Get A Life is a Living reality television show hosted by Jodie Marsh, which premiered 1 March 2007. The show consisted of five shy, nervous, unconfident and low self-esteemed participants who want to change their personalities for the better. Each of the five participants is assigned a mentor—someone he or she aspired to be like, at the top of their social ladder, confident, with a positive outlook on life. The mentors' job is to motivate their protégés throughout the show, giving them words of wisdom and encouragement.

It was reported by the website Digital Spy on 16 March that Living had cancelled the show after just two episodes.  However a third episode aired on Living2 on 20 March.

Format
The ten contestants reside in a large house for the four-week duration of the show's filming. There are five bedrooms, each one containing a participant and their mentor. The group is regularly driven to various locations and tasked with specialised teamwork-oriented challenges on which they are later graded. Once a week, an expert arrives at the house to teach a "masterclass" on various things the contestants need to improve upon. After four challenges, someone will be asked to leave the house. Each episode is an hour long (including adverts), except for the first episode which was an hour and a half.

Ironically, the contestants are awarded points based on how well they perform in the challenges, and so the person with the fewest points would logically be the one most in need of the help being given on the show. Yet it is the person with the fewest points that is dismissed.

The contestants are filmed at all times, and also have access to a diary room in which they can vent their true feelings.

Series 1

Participants

Mentors

Episode One

Synopsis
Aired 1 March 2007. The first episode spanned the first six days in the house. Two challenges were performed, with one masterclass in between. The first challenge was a military-style obstacle course, including swinging over a pool of water on a rope, crawling under barbed wire and climbing a wall. The first masterclass was about general confidence, and saw the participants writing their flaws on six boxes. They then arranged these boxes like a wall that metaphorically stood between them and the rest of their life, and proceeded to demolish that wall. Finally, the second challenge took place in an old Elizabethan home, Kentwell Hall. The contestants were given a tour by its owner Patrick Phillips, after which the participants were each assigned a room in which they had to play the role of tour guide.

Everyone seemed to bond well with their mentors, except for Matty. He and Jermaine were constantly at odds with each other, with Jermaine feeling that Matty wasn't grateful for the help he was providing, and Matty feeling that Jermaine wasn't interested in helping him at all.
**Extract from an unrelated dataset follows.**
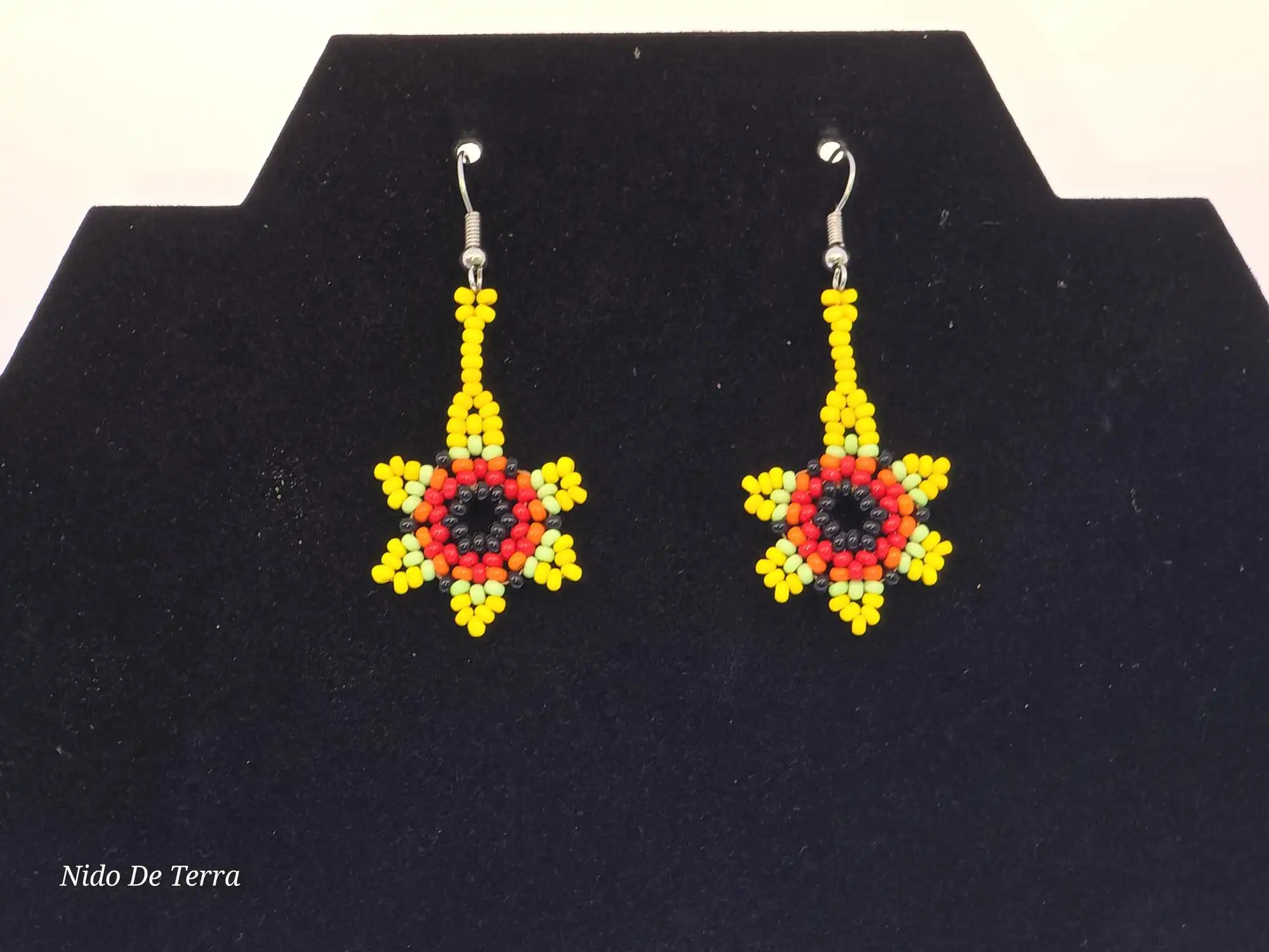 Aretes artesanales en forma de girasol con chakiras amarillo rojo y negro.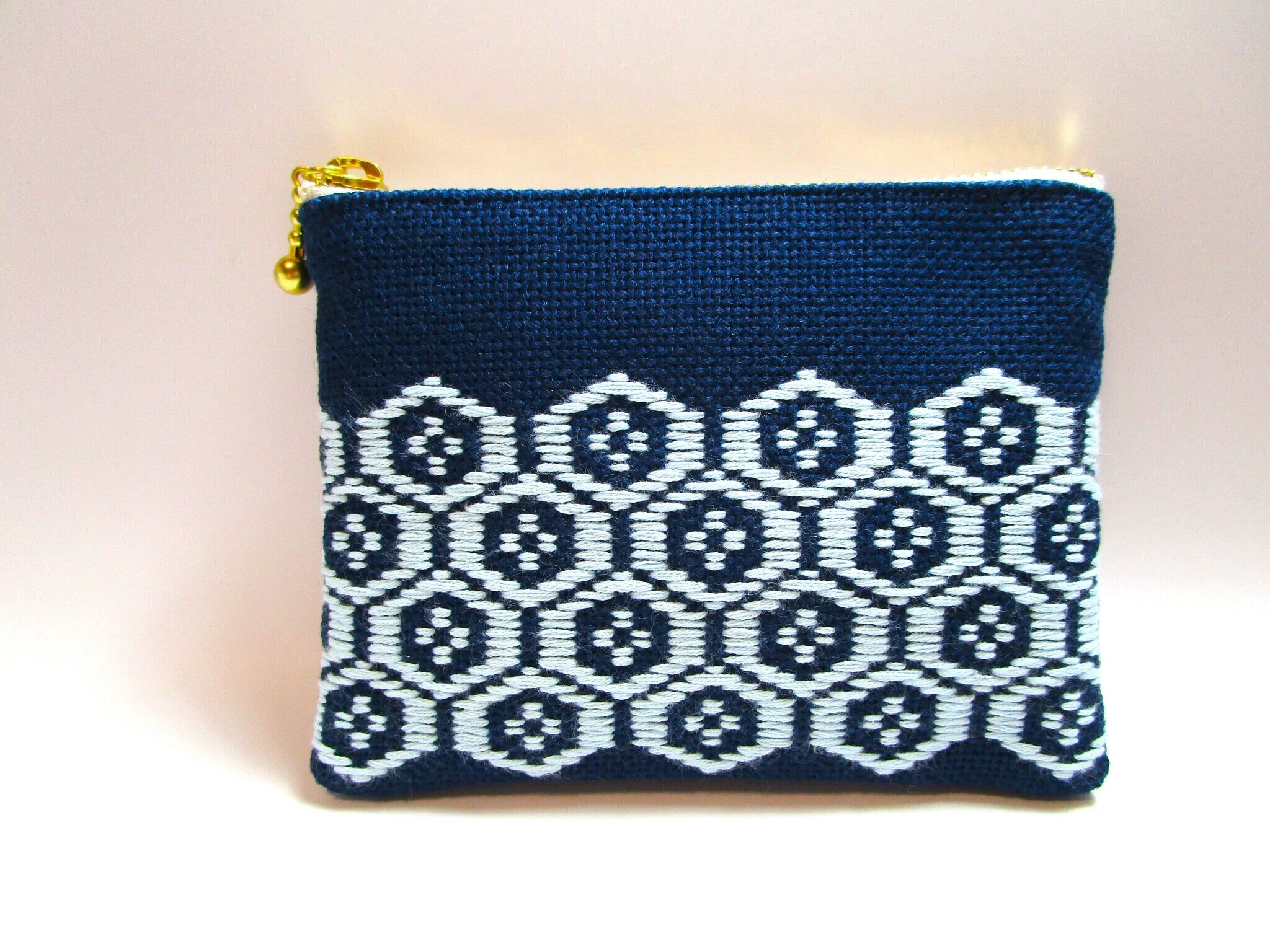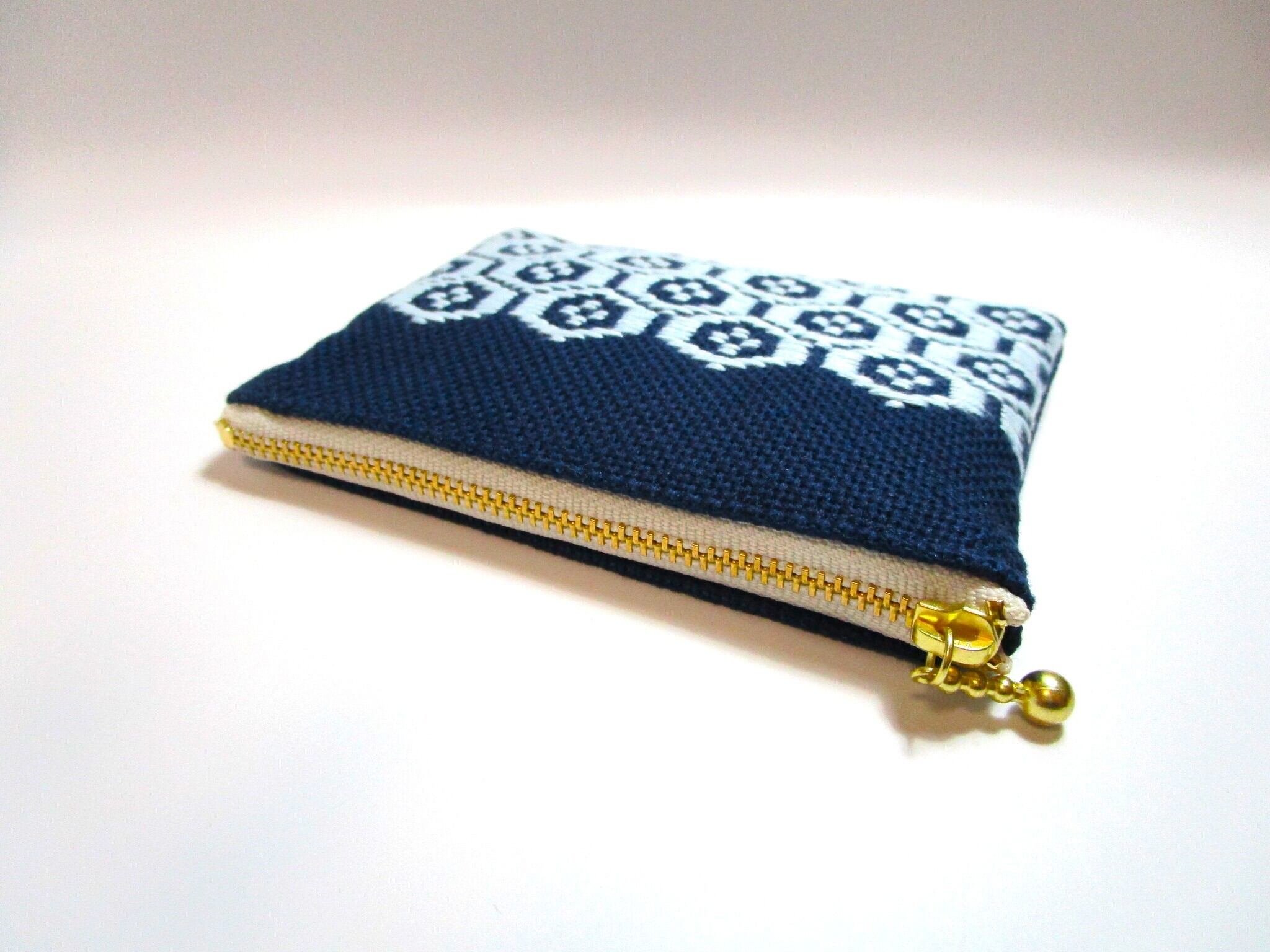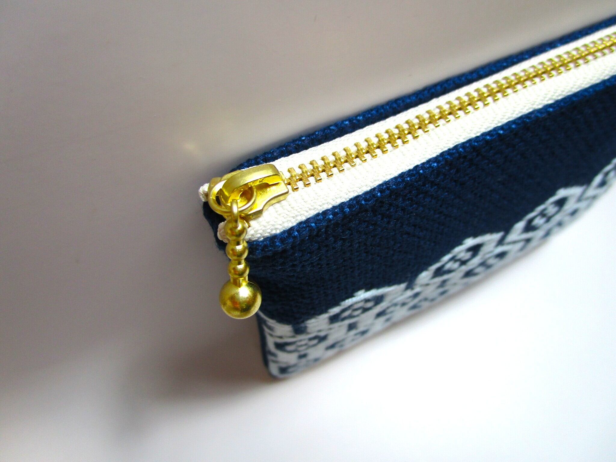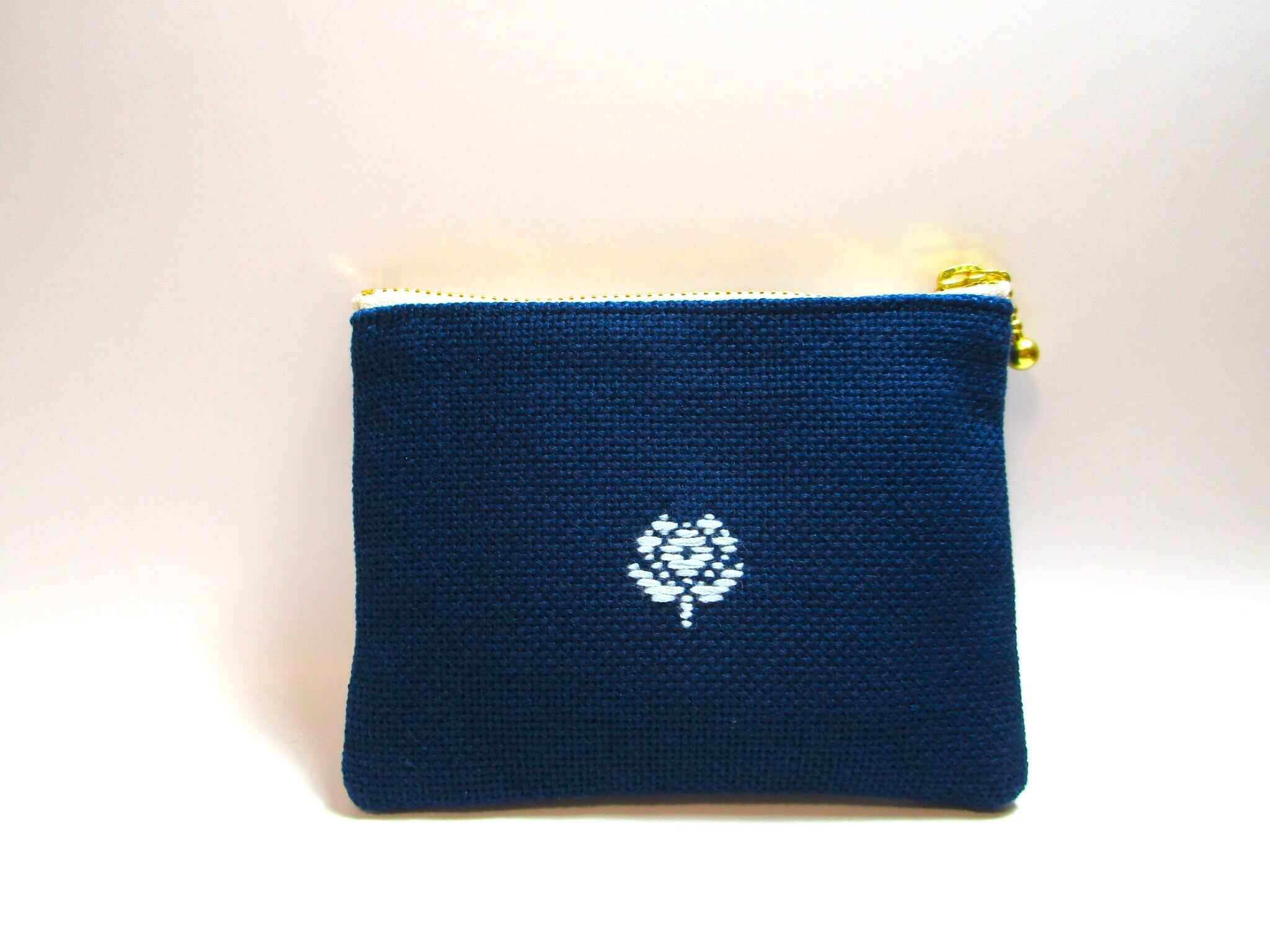 青森県津軽地方の伝統工芸『こぎん刺し』を施しました、紺色と水色の美しいコントラストが魅力のファスナーポーチです。

They appeared to leave things amicably after the second challenge, but at 6 am the next morning Jermaine unexpectedly left the house. Matty was told he would have another mentor, Adrian, by the start of the next challenge.

At the end of the episode, four of the five pairs were in joint second place with 6 points, with Anneka and Pam taking the lead with 9 points.

Scores

Episode Two

Synopsis
Aired 8 March 2007. The second episode covered days 7 and 8. Comedian Mark Dolan visited to conduct a masterclass on heckling, in which first everyone had to insult each other (in a roleplaying context) and then give as good as they'd received. Then, the contestants split off into their pairs to conduct the following individual roleplaying scenarios:
 Matty as his new mentor Adrian's boss, needing to fire him
 Esther having to defend her place in a supermarket queue to pusher-in Lucy
 Anneka needing to kick flaky lodger Pam out of her apartment
 Paul having to deny Rob, an obviously lying customer, a refund on a mobile phone
 Sol having to tell proud father Nick that he'd decided not to attend Oxford University

This episode also gave focus to the possible relationship forming between Paul and Anneka. He told her he liked her as more than a friend, but then confused her by withdrawing. Footage of them both in the diary room at separate times was spliced together to show that they both like each other, but assume those feelings aren't returned because she thinks she's a "loser" and he thinks he's a "minger". Afterwards, Anneka wrote him a love note on the back of a torn up cereal box.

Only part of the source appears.